#### [Assignment]
Each record that follows should be repeated exactly, minus any images.

*** Data to examine Section Begins ***

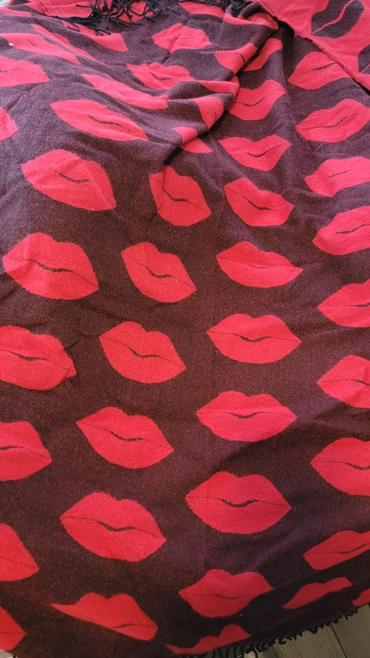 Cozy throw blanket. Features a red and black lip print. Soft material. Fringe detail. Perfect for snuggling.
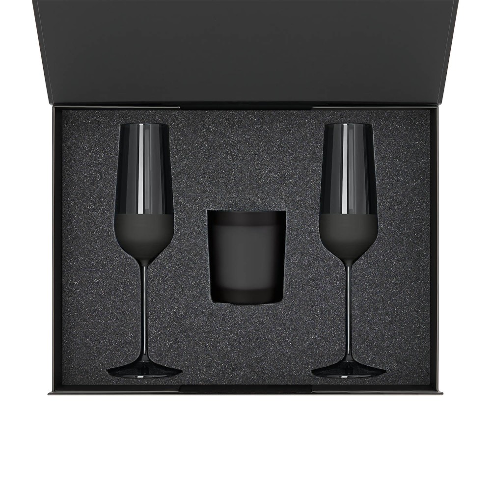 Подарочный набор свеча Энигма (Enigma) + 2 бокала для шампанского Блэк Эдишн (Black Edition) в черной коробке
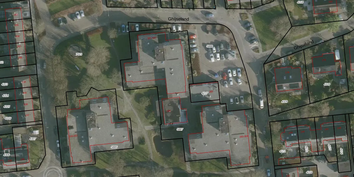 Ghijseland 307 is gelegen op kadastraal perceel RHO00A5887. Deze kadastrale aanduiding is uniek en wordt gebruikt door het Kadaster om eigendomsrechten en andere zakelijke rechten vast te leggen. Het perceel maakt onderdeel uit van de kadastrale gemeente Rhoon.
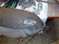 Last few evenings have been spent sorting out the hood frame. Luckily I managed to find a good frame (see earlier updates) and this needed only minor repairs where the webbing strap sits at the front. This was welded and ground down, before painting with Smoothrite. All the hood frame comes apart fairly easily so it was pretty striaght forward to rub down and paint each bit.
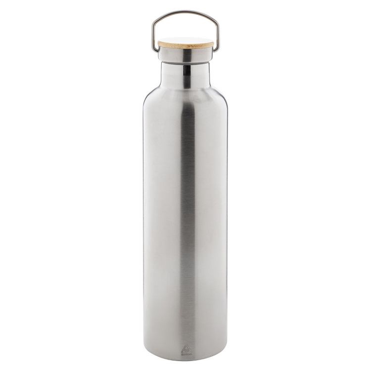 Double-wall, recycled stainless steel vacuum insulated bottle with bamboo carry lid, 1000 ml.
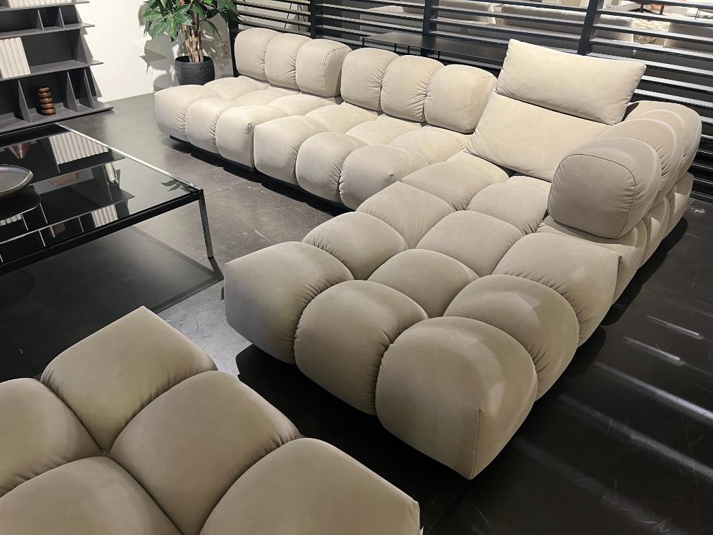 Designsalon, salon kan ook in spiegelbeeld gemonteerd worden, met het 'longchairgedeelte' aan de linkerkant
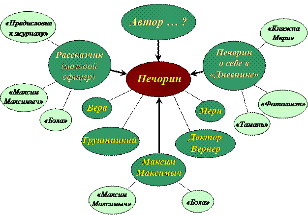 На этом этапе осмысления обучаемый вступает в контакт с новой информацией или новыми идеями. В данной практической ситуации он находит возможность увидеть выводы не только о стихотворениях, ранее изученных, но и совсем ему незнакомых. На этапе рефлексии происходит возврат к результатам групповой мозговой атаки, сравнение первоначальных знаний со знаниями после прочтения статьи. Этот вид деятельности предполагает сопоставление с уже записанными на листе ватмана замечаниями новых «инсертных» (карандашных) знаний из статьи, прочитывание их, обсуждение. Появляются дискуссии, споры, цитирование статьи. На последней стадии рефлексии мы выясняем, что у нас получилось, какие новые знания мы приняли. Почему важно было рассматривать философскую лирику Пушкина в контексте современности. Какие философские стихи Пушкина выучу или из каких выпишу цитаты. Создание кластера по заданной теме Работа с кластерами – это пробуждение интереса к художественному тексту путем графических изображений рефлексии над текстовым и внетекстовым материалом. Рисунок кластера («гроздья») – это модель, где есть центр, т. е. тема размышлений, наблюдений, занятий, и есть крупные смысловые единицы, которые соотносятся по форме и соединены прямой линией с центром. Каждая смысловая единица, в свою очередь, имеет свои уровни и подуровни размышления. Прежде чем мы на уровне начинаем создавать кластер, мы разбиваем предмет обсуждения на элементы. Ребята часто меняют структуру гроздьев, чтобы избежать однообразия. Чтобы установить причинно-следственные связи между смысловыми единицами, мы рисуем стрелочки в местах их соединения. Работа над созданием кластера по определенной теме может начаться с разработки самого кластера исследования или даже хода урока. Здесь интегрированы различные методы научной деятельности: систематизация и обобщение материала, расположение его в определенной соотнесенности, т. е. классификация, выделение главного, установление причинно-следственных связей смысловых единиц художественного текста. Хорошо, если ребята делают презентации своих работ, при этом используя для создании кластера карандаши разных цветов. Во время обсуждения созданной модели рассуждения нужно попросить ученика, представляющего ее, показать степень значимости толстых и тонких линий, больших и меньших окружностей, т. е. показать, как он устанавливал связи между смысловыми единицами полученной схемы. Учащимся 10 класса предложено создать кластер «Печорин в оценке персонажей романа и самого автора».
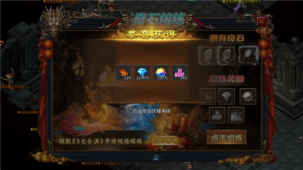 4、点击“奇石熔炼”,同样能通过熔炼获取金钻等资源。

*** Data to examine Section Ends ***

#### [Response to this task]
 Cozy throw blanket. Features a red and black lip print. Soft material. Fringe detail. Perfect for snuggling.
 Подарочный набор свеча Энигма (Enigma) + 2 бокала для шампанского Блэк Эдишн (Black Edition) в черной коробке
 Ghijseland 307 is gelegen op kadastraal perceel RHO00A5887. Deze kadastrale aanduiding is uniek en wordt gebruikt door het Kadaster om eigendomsrechten en andere zakelijke rechten vast te leggen. Het perceel maakt onderdeel uit van de kadastrale gemeente Rhoon.
 Last few evenings have been spent sorting out the hood frame. Luckily I managed to find a good frame (see earlier updates) and this needed only minor repairs where the webbing strap sits at the front. This was welded and ground down, before painting with Smoothrite. All the hood frame comes apart fairly easily so it was pretty striaght forward to rub down and paint each bit.
 Double-wall, recycled stainless steel vacuum insulated bottle with bamboo carry lid, 1000 ml.
 Designsalon, salon kan ook in spiegelbeeld gemonteerd worden, met het 'longchairgedeelte' aan de linkerkant
 На этом этапе осмысления обучаемый вступает в контакт с новой информацией или новыми идеями. В данной практической ситуации он находит возможность увидеть выводы не только о стихотворениях, ранее изученных, но и совсем ему незнакомых. На этапе рефлексии происходит возврат к результатам групповой мозговой атаки, сравнение первоначальных знаний со знаниями после прочтения статьи. Этот вид деятельности предполагает сопоставление с уже записанными на листе ватмана замечаниями новых «инсертных» (карандашных) знаний из статьи, прочитывание их, обсуждение. Появляются дискуссии, споры, цитирование статьи. На последней стадии рефлексии мы выясняем, что у нас получилось, какие новые знания мы приняли. Почему важно было рассматривать философскую лирику Пушкина в контексте современности. Какие философские стихи Пушкина выучу или из каких выпишу цитаты. Создание кластера по заданной теме Работа с кластерами – это пробуждение интереса к художественному тексту путем графических изображений рефлексии над текстовым и внетекстовым материалом. Рисунок кластера («гроздья») – это модель, где есть центр, т. е. тема размышлений, наблюдений, занятий, и есть крупные смысловые единицы, которые соотносятся по форме и соединены прямой линией с центром. Каждая смысловая единица, в свою очередь, имеет свои уровни и подуровни размышления. Прежде чем мы на уровне начинаем создавать кластер, мы разбиваем предмет обсуждения на элементы. Ребята часто меняют структуру гроздьев, чтобы избежать однообразия. Чтобы установить причинно-следственные связи между смысловыми единицами, мы рисуем стрелочки в местах их соединения. Работа над созданием кластера по определенной теме может начаться с разработки самого кластера исследования или даже хода урока. Здесь интегрированы различные методы научной деятельности: систематизация и обобщение материала, расположение его в определенной соотнесенности, т. е. классификация, выделение главного, установление причинно-следственных связей смысловых единиц художественного текста. Хорошо, если ребята делают презентации своих работ, при этом используя для создании кластера карандаши разных цветов. Во время обсуждения созданной модели рассуждения нужно попросить ученика, представляющего ее, показать степень значимости толстых и тонких линий, больших и меньших окружностей, т. е. показать, как он устанавливал связи между смысловыми единицами полученной схемы. Учащимся 10 класса предложено создать кластер «Печорин в оценке персонажей романа и самого автора».
 4、点击“奇石熔炼”,同样能通过熔炼获取金钻等资源。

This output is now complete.